I do not get it, I am running:

args=(
    --interactive
    --tty
    --rm
    --device /dev/kvm
    --volume "${PWD}:/data:z"
    --workdir /data
)
podman run "${args[@]}" docker.io/nixos/nix:latest

nix --extra-experimental-features "flakes nix-command" build .#nixosConfigurations.qcow2.config.system.build.qcow2 --print-build-logs

and exactly the same flake.nix that you posted.

I have been running in this way in the last 8 months almost daily.
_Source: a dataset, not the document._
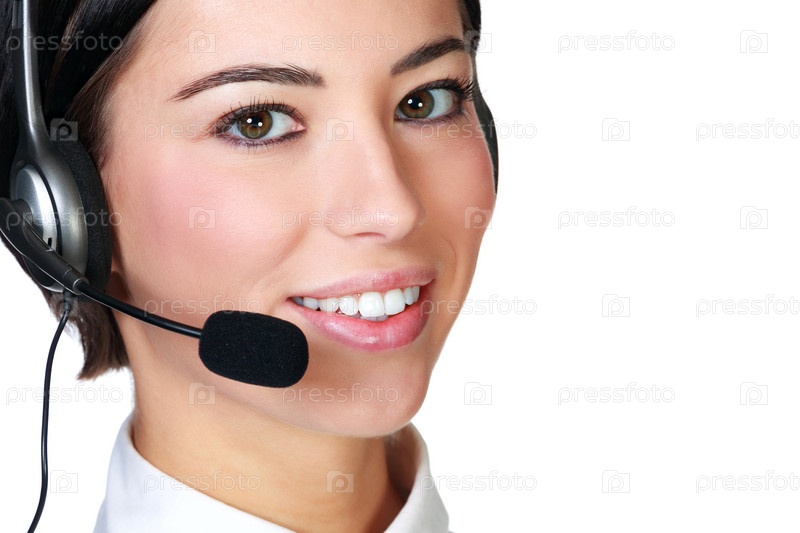 Крупным планом портрет улыбающейся девушки из службы поддержки клиентов, изолированной на белом фоне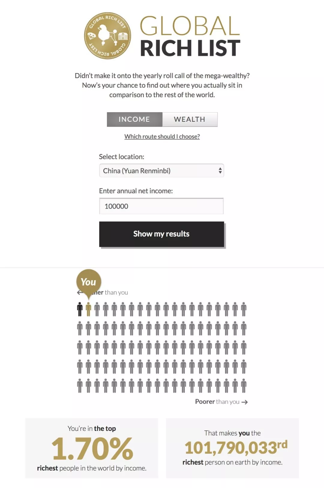 安利给大家一个有趣的网站叫globalrichlist,输入你的国家和年可支配收入,你就可以清晰知道自己的财富水平在世界的排名了。

phaer commented 3 days ago

Ah, you are running this in a docker container and passing through /dev/kvm from a, presumably non-nixos, host? I am running this on a nixos-unstable host with the same kernel as inside the vm.

That of course should not make a difference, but I think it's notable and think you might have to bisect this to find out where exactly it started to fail. Could also check whether the same setup works with eg a non-efi image with as many default settings as possible.

Anyway, I don't think I can help here. Feel free to ping me again if it turns out that my option changes was the culprit after all, but I am unsubscribing here for now.

yellowhat commented 3 days ago

Thanks

The host itself is also nixos-unstable.

yellowhat commented 3 days ago

After running git bisect, the culprit is https://github.com/NixOS/nixpkgs/commit/97ed6b4565e76286062e6942517a71ae4c9cac72

@Ma27

Ma27 commented 2 days ago

Yeah I see why this fails, NIX_BUILD_TOP isn't /build and I guess I shouldn't have used /build in the first place. Will prepare a patch.

Ma27 commented 2 days ago

Actually, https://github.com/NixOS/nixpkgs/pull/360413 should be a potential fix.

yellowhat commented 2 days ago

Using:

{
  inputs = {
    nixpkgs.url = "github:wolfgangwalther/nixpkgs/structured-attrs-run-in-vm";
  };
...

fixes the error.

Thanks